Background

Inflammatory bowel diseases (IBD) are characterized by chronic, uncontrolled and relapsing inflammation of the gastrointestinal tract, which encompasses Crohn’s disease (CD) and ulcerative colitis (UC). Health-related quality of life (HRQoL) is defined as a broad, multidimensional concept comprising patients’ physical health (including disease), psychological state, level of independence, social relationships, personal beliefs and relationship to their environment [1, 2]. The evaluation of HRQoL for patients with IBD in clinical research and clinical practice enhances the understanding of the disease impact and the effects of treatments on the disease. Thus, the evaluation of HRQoL should be recognized as an important outcome indicator by patients and their clinicians.

Up to now, a large number of IBD-specific HRQoL instruments have been developed and validated for the IBD patients [3,4,5,6,7]. These instruments have been used to assess patients’ understanding of IBD symptoms and the subjective perception of the illness in clinical practice and research [3, 4]. They have also been used to compare the effect of treatment strategies and to provide evidence for health policy makers [3,4,5].

Several researchers have conducted reviews that measure the HRQoL of patients with IBD [3,4,5,6,7,8]. However, the reviews only enrolled some of the instruments, while other instruments are commonly ignored. The measurement properties and methodological quality of measurement properties should be evaluated systematically for clinical practitioner and researchers. We aimed to comprehensively collect all of the eligible IBD-specific HRQoL instruments to gain an understanding of their measurement properties. Therefore, the aim of this systematic review was to critically appraise and compare the measurement properties of the instruments to help clinicians and researchers select an appropriate instrument.

Methods

Inclusion and exclusion criteria

This study was conducted following the guideline of the preferred reporting items for systematic reviews and meta-analysis (PRISMA statement) [9]. Articles were included if they fulfilled the following criteria: (1) Types of patients: Patients diagnosed as CD, UC or IBD were enrolled. Patients with other diseases (infectious colitis, ischemic colitis, irritable bowel syndrome, etc.) were excluded. (2) Types of instruments: The HRQoL instruments developed and validated for patients with CD, UC or IBD were eligible. HRQoL was defined as a broad, multidimensional concept comprising patients’ physical health (including disease), psychological state, level of independence, social relationships, personal beliefs and relationship to their environment. Both the self-administered and rater-administered instruments were included. The instruments for child or adult patients were included. (3) Types of languages: The full-text articles were published in English. General HRQoL instruments were excluded, such as the SF-36. Disease-specific instruments not related or only partially related to IBD were also excluded, such as the gastrointestinal quality of life index [10].

Literature search

The following relevant electronic databases were searched for English-language articles: Medline (via Pubmed) and EMBASE. The search period was from the inception of the databases to May 31th 2016. The search strategy for Medline (see Additional file 1: Appendix S1) consisted of 3 types of search terms for the following: (1) IBD, UC or CD; (2) HRQoL; and (3) measurement properties. The latter two filters were developed according to the syntax established by Kotecha et al. [11].

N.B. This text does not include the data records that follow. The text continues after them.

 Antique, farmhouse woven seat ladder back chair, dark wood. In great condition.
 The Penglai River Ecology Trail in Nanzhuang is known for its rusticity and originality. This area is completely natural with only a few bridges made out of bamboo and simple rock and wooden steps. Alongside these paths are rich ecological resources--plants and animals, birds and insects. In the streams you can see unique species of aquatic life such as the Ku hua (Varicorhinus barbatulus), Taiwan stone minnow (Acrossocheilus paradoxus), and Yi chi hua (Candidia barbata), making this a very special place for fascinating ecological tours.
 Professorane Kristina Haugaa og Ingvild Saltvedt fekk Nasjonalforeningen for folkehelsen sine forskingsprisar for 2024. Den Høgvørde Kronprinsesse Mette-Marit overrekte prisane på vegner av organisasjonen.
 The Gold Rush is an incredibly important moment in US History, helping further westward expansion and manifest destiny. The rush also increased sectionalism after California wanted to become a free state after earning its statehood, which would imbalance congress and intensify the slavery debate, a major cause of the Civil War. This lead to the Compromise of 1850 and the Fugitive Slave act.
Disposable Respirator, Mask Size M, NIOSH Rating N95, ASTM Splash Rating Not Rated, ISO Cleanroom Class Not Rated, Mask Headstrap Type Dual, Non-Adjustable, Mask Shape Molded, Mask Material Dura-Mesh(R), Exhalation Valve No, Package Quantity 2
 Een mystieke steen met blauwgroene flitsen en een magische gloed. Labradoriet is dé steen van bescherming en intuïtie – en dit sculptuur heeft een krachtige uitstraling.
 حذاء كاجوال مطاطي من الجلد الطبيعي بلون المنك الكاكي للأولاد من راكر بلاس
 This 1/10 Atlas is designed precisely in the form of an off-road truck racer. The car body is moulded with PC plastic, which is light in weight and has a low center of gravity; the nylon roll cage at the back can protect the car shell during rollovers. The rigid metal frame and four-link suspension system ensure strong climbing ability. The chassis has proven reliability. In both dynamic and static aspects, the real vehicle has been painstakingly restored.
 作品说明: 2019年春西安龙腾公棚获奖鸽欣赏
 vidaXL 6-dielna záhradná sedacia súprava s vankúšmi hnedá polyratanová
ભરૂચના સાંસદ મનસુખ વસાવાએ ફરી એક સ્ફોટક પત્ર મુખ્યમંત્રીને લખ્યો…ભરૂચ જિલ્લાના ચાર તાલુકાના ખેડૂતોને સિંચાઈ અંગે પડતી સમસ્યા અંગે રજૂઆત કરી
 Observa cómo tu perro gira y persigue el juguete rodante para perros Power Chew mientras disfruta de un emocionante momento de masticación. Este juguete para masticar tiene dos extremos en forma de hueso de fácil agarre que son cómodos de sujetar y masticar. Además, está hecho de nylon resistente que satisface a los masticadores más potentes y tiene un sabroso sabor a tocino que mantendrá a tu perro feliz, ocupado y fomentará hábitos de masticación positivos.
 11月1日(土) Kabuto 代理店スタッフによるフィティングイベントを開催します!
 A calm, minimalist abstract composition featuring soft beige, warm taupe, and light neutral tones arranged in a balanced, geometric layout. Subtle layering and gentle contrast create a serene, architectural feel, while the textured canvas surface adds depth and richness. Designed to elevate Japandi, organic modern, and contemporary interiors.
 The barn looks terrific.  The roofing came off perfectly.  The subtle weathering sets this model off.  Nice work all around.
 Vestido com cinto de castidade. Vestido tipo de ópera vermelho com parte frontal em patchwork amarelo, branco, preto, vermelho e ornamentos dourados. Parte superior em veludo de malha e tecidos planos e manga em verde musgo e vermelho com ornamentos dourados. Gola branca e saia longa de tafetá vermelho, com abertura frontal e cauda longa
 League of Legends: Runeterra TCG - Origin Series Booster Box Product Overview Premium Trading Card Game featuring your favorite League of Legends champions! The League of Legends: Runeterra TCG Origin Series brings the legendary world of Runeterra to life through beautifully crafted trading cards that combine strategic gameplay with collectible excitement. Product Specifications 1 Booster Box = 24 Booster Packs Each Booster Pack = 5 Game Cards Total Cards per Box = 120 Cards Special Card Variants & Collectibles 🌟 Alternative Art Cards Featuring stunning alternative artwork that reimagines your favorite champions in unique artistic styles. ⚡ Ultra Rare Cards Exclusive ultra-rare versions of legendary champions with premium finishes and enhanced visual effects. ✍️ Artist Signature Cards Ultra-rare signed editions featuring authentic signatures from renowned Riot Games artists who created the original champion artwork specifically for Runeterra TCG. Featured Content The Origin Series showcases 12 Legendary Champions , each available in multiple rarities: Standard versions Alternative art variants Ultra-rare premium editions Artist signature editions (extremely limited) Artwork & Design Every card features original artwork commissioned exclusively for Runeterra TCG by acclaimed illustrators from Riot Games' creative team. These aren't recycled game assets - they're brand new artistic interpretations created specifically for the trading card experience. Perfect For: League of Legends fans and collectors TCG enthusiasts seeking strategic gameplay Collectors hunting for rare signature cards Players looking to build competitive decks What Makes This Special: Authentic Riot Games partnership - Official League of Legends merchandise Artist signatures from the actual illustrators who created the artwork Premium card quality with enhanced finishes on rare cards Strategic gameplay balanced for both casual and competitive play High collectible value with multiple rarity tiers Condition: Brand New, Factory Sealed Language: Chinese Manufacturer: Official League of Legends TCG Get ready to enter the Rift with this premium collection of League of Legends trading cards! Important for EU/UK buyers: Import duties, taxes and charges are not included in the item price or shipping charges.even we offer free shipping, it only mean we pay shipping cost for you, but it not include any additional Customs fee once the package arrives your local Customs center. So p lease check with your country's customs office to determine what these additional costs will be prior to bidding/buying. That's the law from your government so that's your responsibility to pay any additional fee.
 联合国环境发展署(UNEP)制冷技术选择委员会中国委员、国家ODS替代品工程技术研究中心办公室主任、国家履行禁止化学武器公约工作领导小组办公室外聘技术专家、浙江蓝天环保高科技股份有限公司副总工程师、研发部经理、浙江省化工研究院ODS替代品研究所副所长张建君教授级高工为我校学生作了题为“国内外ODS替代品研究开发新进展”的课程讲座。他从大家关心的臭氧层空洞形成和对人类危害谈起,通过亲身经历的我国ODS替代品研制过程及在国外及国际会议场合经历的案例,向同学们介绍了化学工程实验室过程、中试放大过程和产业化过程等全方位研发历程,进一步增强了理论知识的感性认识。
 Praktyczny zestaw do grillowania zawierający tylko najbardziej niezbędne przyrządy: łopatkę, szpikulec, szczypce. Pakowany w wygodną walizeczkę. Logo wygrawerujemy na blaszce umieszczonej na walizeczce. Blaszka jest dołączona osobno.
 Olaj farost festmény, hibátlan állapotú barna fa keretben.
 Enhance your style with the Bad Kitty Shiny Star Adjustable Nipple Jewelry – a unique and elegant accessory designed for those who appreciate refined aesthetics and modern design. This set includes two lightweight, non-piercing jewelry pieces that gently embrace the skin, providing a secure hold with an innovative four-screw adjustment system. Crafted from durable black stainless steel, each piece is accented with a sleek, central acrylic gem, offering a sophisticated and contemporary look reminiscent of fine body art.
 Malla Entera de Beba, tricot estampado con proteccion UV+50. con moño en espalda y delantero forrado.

In addition, Google Scholar was used to search for relevant articles and literature. The citations of the reviews and the references of included articles were also checked. The patient-reported outcome and quality of life instruments database (website: https://eprovide.mapi-trust.org/) was searched for eligible instruments. Two review authors (XLC, FBL) independently performed the literature search. Disagreements between the two authors were resolved by discussion with another author (LHZ).

Literature extraction

A set of questions regarding the characteristics of the instruments were drafted. The characteristics were as follows: Which type of disease does the instrument assess (IBD, UC or CD)? How is the instrument administered (self-administered or rater-administered)? How long does it take to complete (completion time)? At what time does it measure the HRQoL of the patients (recall period)? How many items does it contain? What is the form of the item (response options: including Likert or visual analogue scale [VAS])? What is the range of the scores? What domains does it contain? Are classical test theory and item response theory applied? Data about the first author, year of publication, the full and abbreviated names of the instrument and the country of origin (the first version) were also collected.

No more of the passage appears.